**WORK REQUEST:**
Could you restate, word for word, the line that has "imageThree Little Tots" and all lines following it through the end of the entries below?

Records excerpted from a collection:
####################

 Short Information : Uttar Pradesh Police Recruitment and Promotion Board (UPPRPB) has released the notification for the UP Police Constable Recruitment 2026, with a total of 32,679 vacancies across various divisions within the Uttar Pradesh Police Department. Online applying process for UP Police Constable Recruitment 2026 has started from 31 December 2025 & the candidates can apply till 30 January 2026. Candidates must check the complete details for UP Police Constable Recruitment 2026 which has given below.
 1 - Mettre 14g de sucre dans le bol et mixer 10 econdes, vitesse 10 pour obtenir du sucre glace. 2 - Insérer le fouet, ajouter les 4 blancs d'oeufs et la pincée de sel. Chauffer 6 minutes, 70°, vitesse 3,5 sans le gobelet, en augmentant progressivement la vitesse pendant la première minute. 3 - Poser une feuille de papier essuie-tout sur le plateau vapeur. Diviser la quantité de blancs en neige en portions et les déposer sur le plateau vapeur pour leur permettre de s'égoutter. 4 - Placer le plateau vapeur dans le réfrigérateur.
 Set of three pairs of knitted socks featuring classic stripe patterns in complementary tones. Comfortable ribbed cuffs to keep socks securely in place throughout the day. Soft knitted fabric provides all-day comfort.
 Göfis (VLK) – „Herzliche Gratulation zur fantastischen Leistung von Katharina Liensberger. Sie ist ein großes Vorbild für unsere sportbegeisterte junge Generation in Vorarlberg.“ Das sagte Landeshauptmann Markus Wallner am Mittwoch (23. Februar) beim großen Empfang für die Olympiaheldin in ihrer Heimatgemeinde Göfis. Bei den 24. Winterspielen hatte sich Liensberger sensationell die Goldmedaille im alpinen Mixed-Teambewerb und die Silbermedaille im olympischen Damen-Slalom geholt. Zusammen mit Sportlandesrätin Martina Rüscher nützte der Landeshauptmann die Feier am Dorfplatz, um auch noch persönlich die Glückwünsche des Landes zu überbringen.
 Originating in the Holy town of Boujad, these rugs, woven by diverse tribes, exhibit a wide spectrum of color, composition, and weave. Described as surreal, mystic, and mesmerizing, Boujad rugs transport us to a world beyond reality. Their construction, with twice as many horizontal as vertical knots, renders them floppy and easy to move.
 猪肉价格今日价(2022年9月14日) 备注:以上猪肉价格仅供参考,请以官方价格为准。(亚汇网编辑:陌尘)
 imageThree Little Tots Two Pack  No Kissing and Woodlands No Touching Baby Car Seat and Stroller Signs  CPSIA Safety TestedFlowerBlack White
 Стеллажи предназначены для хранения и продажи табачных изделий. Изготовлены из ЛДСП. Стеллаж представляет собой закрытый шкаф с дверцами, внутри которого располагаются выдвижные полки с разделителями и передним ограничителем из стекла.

####################

**RESPONSE TO THE EXERCISE:**
 imageThree Little Tots Two Pack  No Kissing and Woodlands No Touching Baby Car Seat and Stroller Signs  CPSIA Safety TestedFlowerBlack White
 Стеллажи предназначены для хранения и продажи табачных изделий. Изготовлены из ЛДСП. Стеллаж представляет собой закрытый шкаф с дверцами, внутри которого располагаются выдвижные полки с разделителями и передним ограничителем из стекла.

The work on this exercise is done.